The armed catastrophe unfolding in Europe has been discussed in various lights. As missiles fall on Odessa, people are searching for a political configuration for Russia that would exclude bloody excesses. But now everyone wants more robust guarantees: the Russians have gone through many regimes over the last century, each one leading to something unthinkable.
The Russian System stands on three pillars: Putin, a deal with the masses, and improvisation. The first two are often taken up by the press and experts – I would like to explore the third. All politicians improvise, but Russian improvisations are something special. After all, the Russian Federation is itself a remake.
Russians really don’t appreciate reminders that their country is a recent invention. But this is a fact that can’t be refuted by references to antiquity – 30 years ago our state didn’t exist. The USSR collapsed with historic swiftness. Half a year before the RSFSR declared itself sovereign (June 12, 1990), in democratic Moscow there was not so much as a thought of a Russia within the borders of the RSFSR. The state of the Russian Federation (RF) was a hasty improvisation with great implications. Further state building looked all the more like a cascade of improvisations.

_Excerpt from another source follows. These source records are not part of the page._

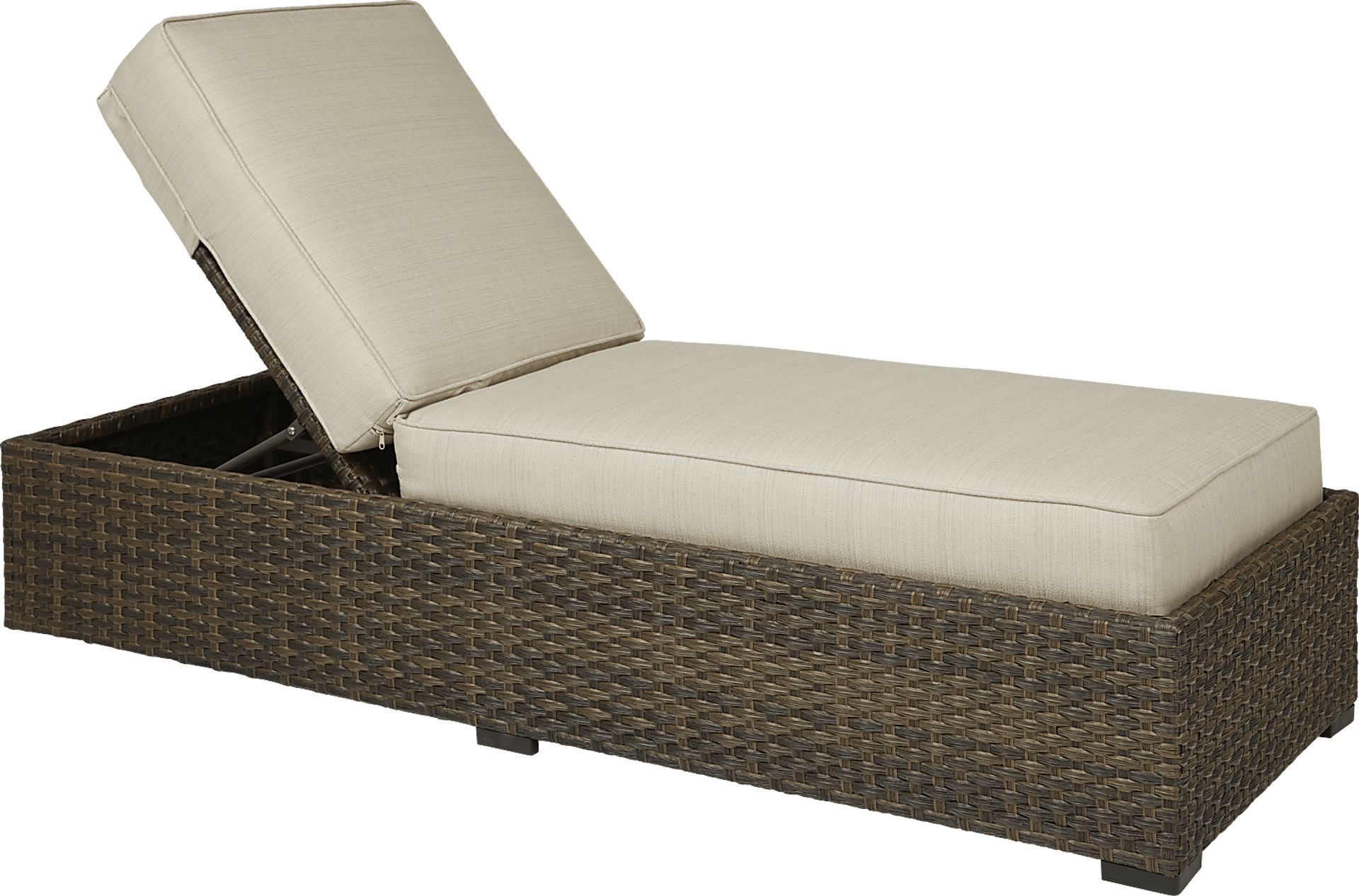 Create a true lounging experience with the Rialto outdoor chaise. The comfortable piece is crafted with brown all-weather wicker over a fully-welded aluminum frame. Cushions covered with durable solution-dyed performance fabric are rendered in a neutral beige color while the adjustable back can be raised or lowered to find the perfect position. When it's time to move the chaise to catch the best rays, wheels on the bottom make movement easy.
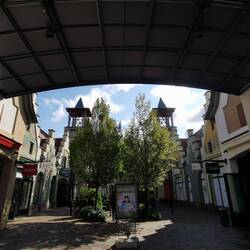 Am Ende der Baustelle das wertheim village. Ein riesiges outletcity
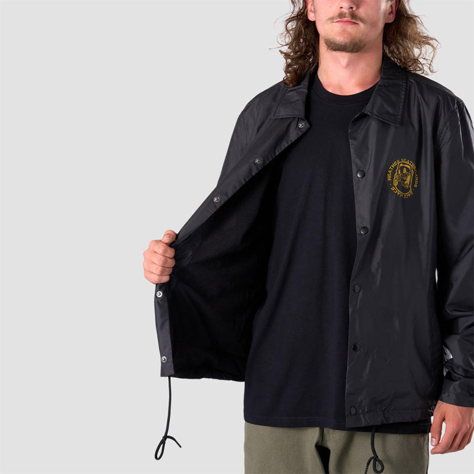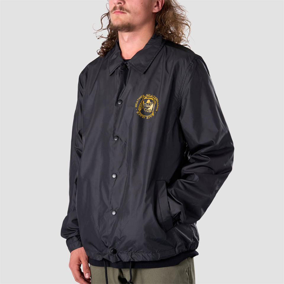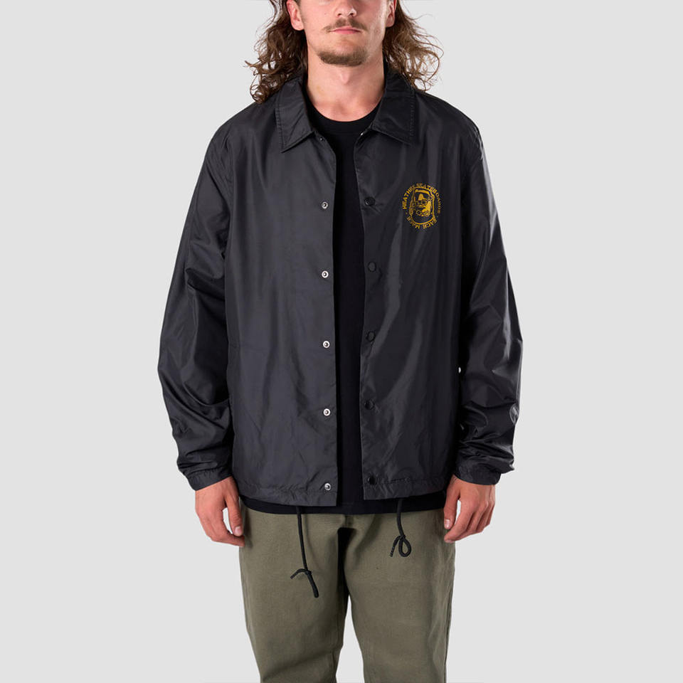 เสื้อแจ็คเก็ตโค้ชไลน์สีดำวินเทจสำหรับผู้ชาย พิมพ์ลายโลโก้ เหมาะสำหรับใส่กลางแจ้งและในชีวิตประจำวัน
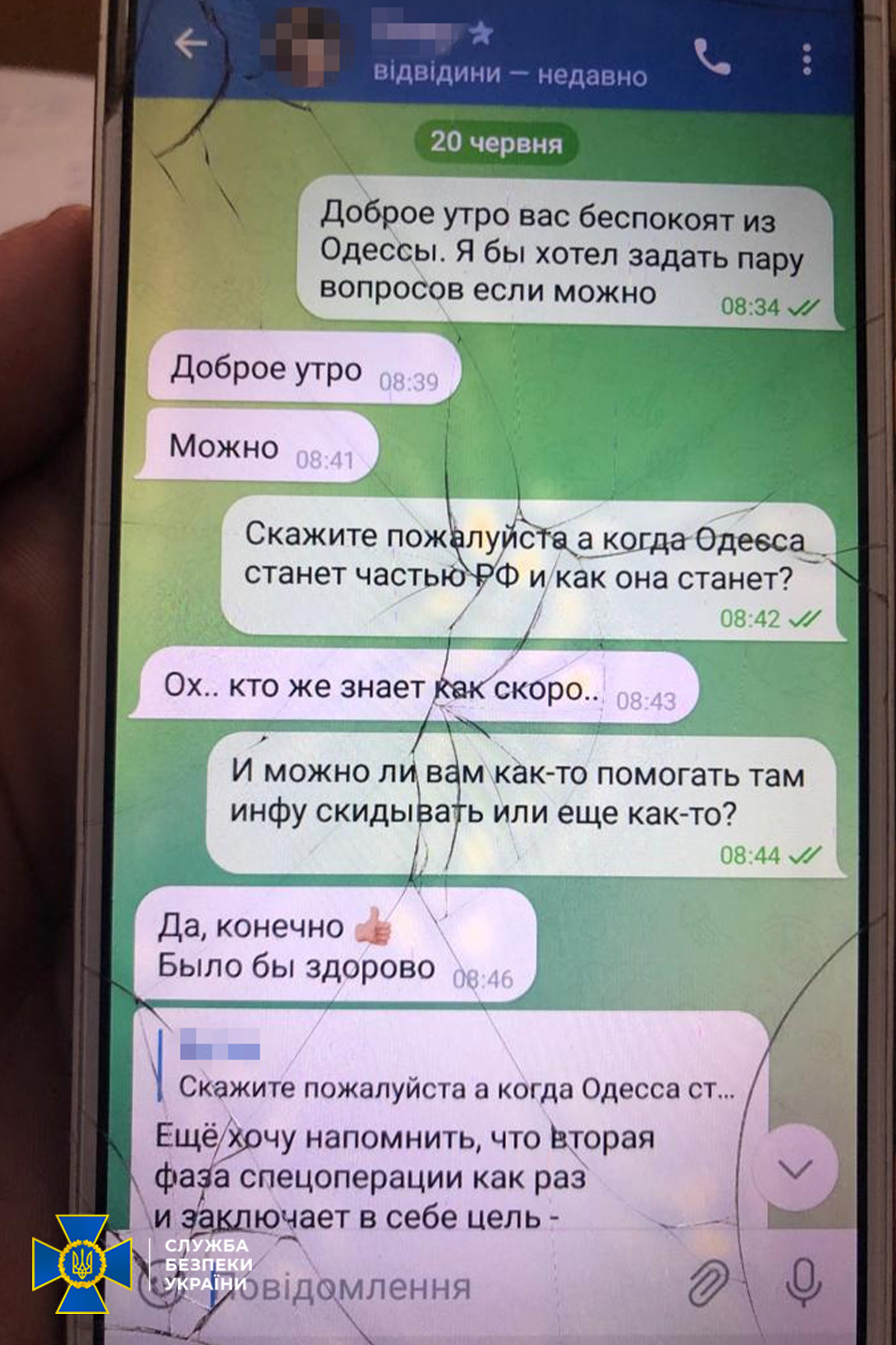 According to the investigation, the traitor was recruited by russian special services to carry out subversive activities in Odesa. For communication, they used a specially created anonymous Telegram channel. Through this channel, the agent received assignments and ‘reported’ on their fulfillment.

In Russian translation “sovereignty” means autocracyThe improviser uses a standard, a model that guides him. The ideal West became such a model for the early RF. By importing the processes of the market and democracy, they learned how to hack them. Russian hackers emerged almost earlier than in the West.
Without seriously seeking order Yeltsin proclaimed the slogan “Order in government – order in the country.” Memoirists admire the punctuality of the first president, who appeared as if on a stopwatch. Boris Yeltsin was never late for meetings, but no one could guess how the meeting would end.
His aide Sergei Shakhrai recalls how he and Yeltsin together wrote the Constitution (his memoirs,
How I Wrote the Constitution of the Yeltsin and Putin Era, were
released last year). For the institution of the presidency Shakhrai says he took as a model "a Russian version of the English queen." But during discussions Yeltsin voiced his wish for "the right of the president to issue decrees with the force of law" (p. 76). Which was immediately granted by the founding fathers of the RF. Thus, the president, placed over all branches of power, turned into an autocratic lawmaker. Improvisation transformed the “English queen” into King Charles I.
Sometimes fresh emigrants ask me whether it's dangerous to go back to Russia for some time. But the Kremlin's well of risk is unpredictable: it doesn’t know when and for whom things are dangerous – for enemies or loyalists? Our Leviathan is sometimes benevolent, but for how long? The Kremlin loves the word “sovereignty,” but in Russian translation it means autocracy, i.e. the sovereign making state decisions at his sole discretion. Tsar Alexei Mikhailovich, according to Klyuchevsky, did good deeds only if they "made him feel good." The improviser's motives are random, like a quantum.
The process is what matters, not the result In a state that emerged from nothing, it seemed natural to start all over again. An improvising state prefers process to rules and results. Because of this quality, I once called the Russian System the “jazz state.”
The authorities zealously defend any excess without answering the question of its goal – it’s more important for them to evade threats in time. The process is what matters, not the result. The security of the regime has been ensured by its perpetual resourcefulness and nimbleness – something like the modern term
agility. Since the 1990s, they’ve been talking not about reforms but the “process of reforms” without laying out a timetable for results. By improvising, the regime avoids collapse, making the state something fluid.